The data:
========================================

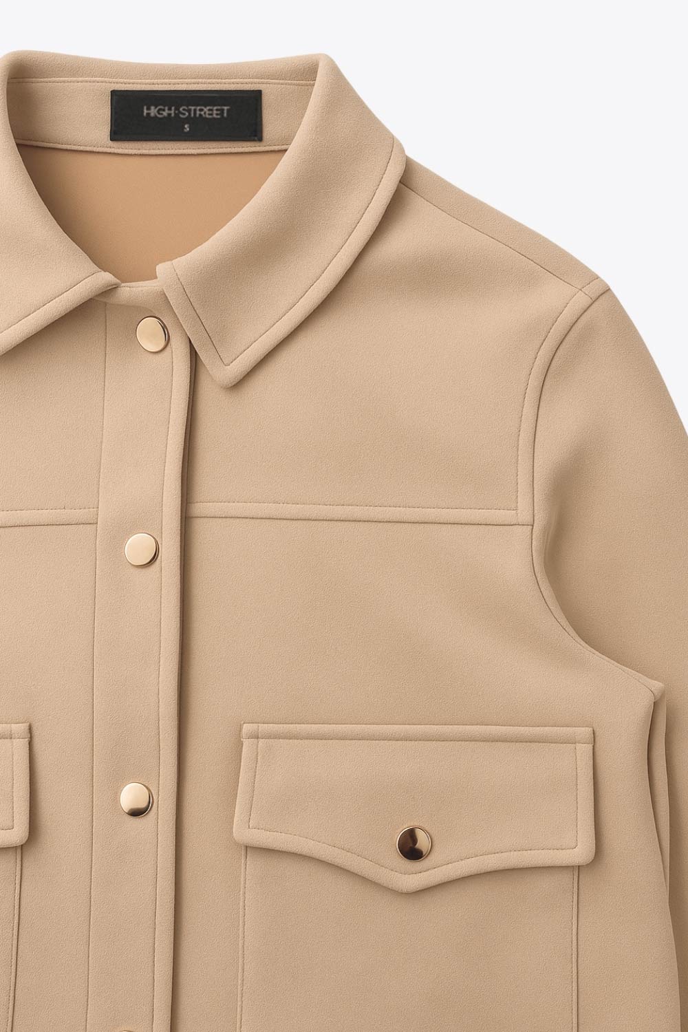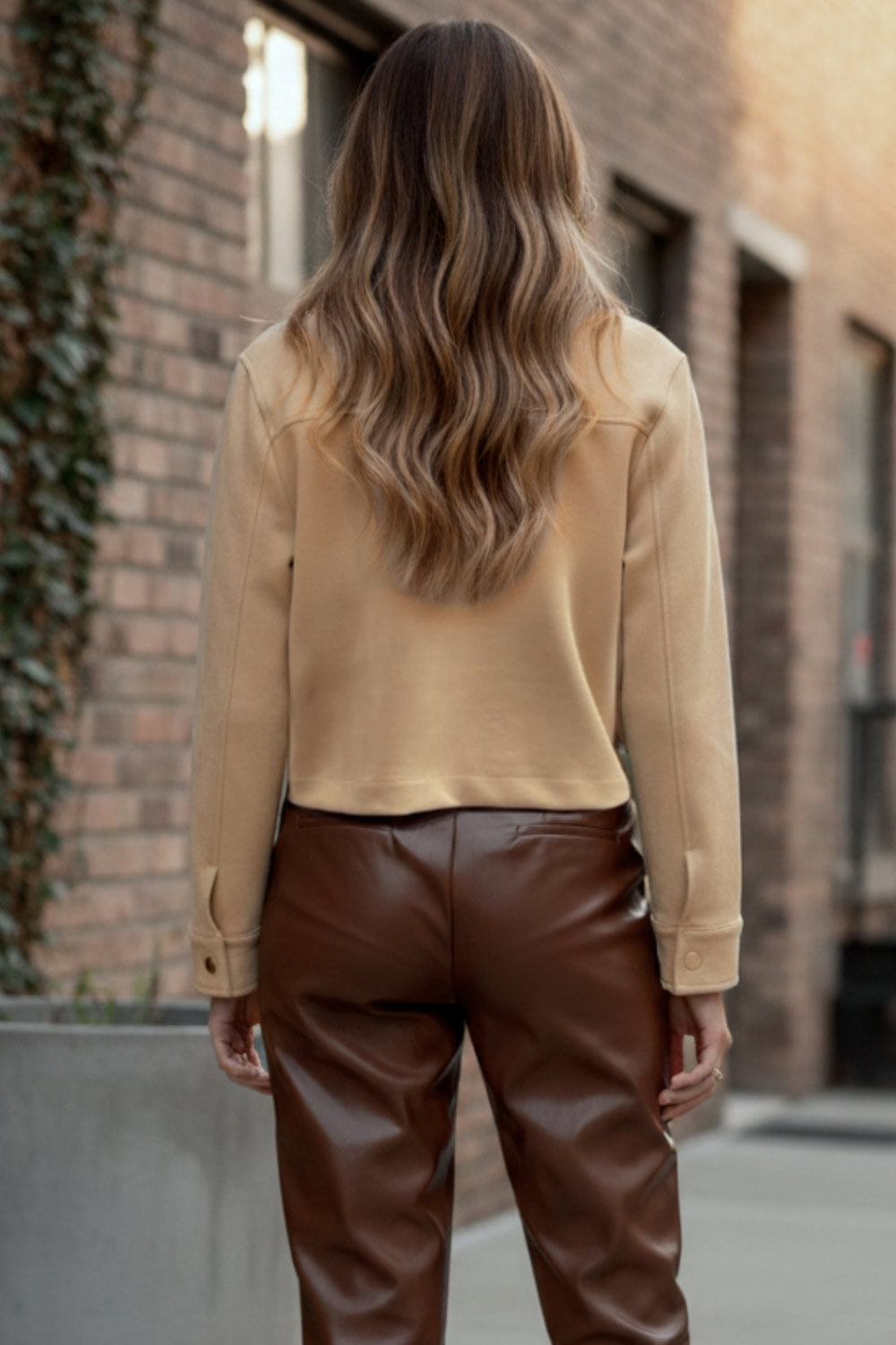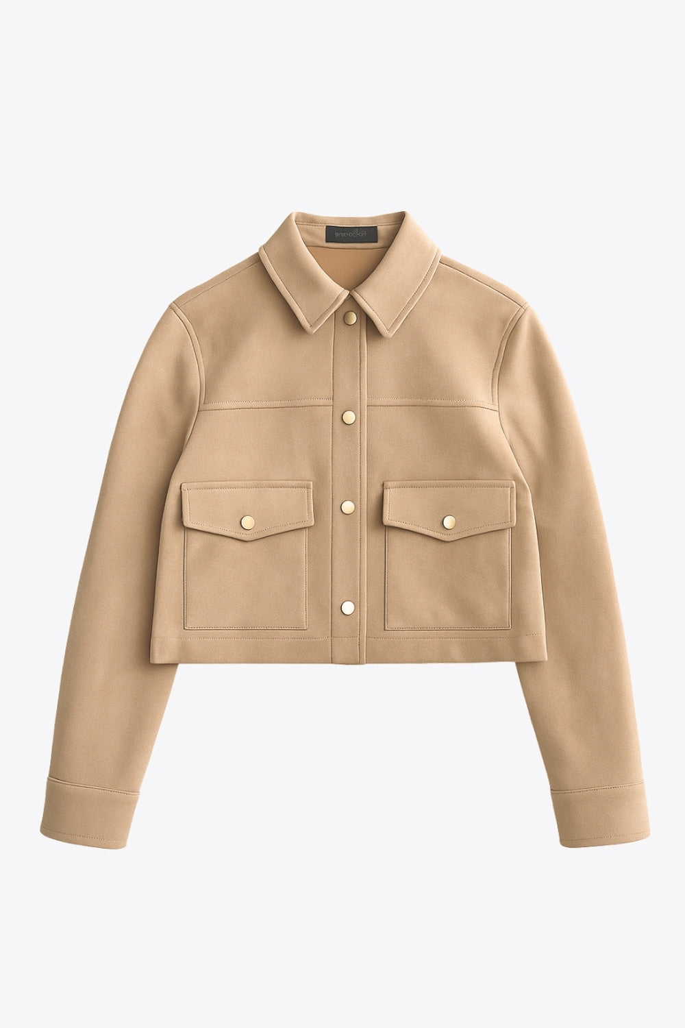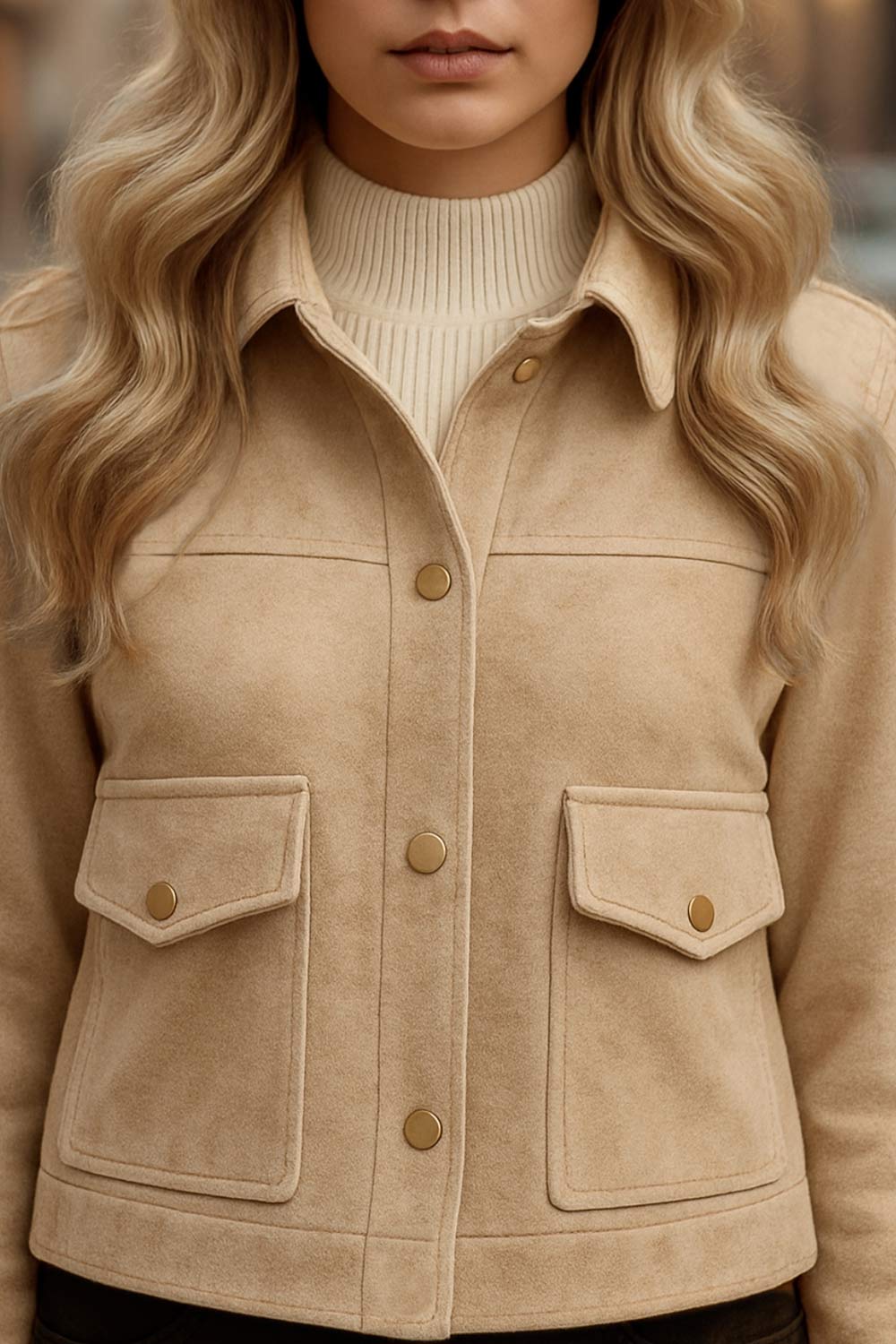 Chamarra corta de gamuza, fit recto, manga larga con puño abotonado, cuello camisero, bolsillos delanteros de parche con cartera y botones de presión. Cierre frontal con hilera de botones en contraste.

========================================

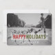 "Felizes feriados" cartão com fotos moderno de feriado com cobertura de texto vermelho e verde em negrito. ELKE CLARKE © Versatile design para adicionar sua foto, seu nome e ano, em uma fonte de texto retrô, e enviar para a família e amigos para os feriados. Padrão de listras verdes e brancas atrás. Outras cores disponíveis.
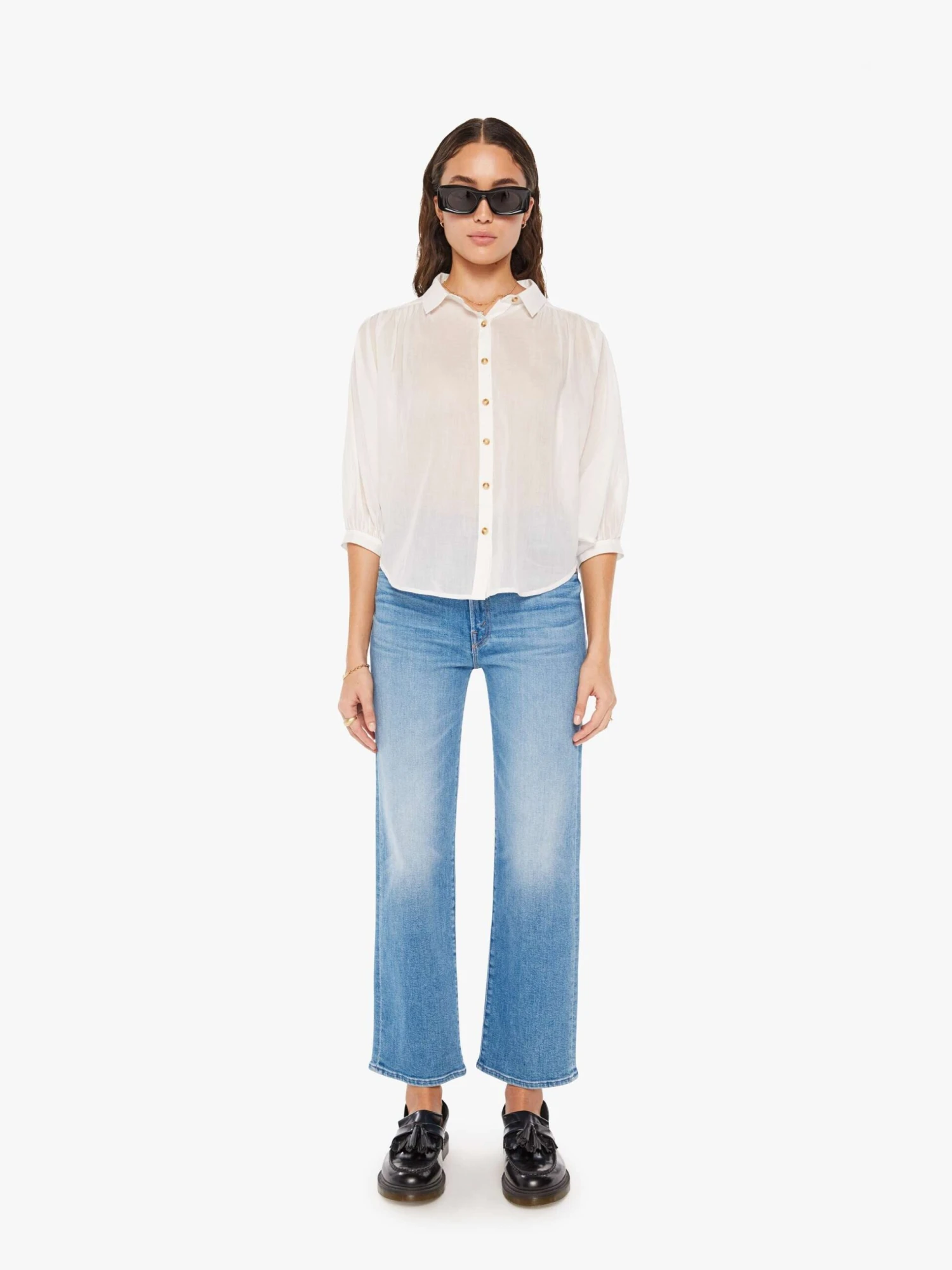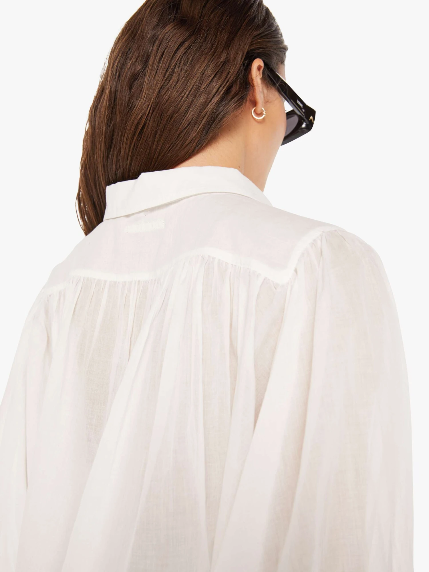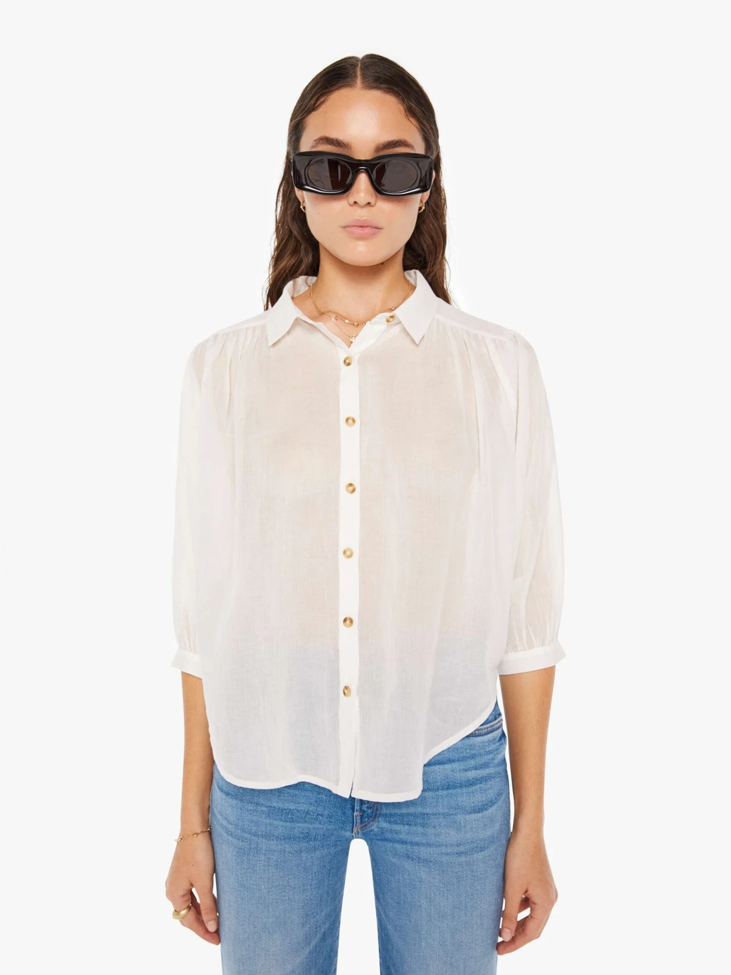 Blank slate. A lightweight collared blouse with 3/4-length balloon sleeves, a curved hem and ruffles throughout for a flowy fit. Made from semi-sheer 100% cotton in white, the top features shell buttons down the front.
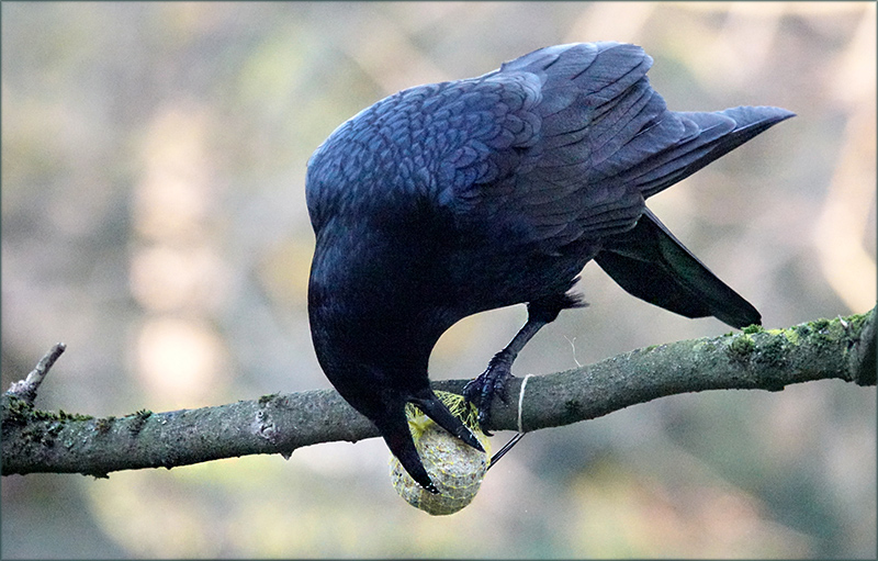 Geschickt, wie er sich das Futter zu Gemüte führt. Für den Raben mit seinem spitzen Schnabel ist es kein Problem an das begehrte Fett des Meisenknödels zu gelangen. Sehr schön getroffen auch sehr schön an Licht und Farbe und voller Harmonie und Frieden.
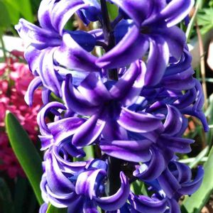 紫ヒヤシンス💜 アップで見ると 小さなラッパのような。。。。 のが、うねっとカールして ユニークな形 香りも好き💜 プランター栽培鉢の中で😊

========================================

Goal of the exercise: In the entries above, find the line with "Geschickt, wie er" and the line with "紫ヒヤシンス💜 アップで見ると 小さなラッパのような。。。。". Return exactly those lines and all the ones between them, pictures excluded.

Written response:
 Geschickt, wie er sich das Futter zu Gemüte führt. Für den Raben mit seinem spitzen Schnabel ist es kein Problem an das begehrte Fett des Meisenknödels zu gelangen. Sehr schön getroffen auch sehr schön an Licht und Farbe und voller Harmonie und Frieden.
 紫ヒヤシンス💜 アップで見ると 小さなラッパのような。。。。 のが、うねっとカールして ユニークな形 香りも好き💜 プランター栽培鉢の中で😊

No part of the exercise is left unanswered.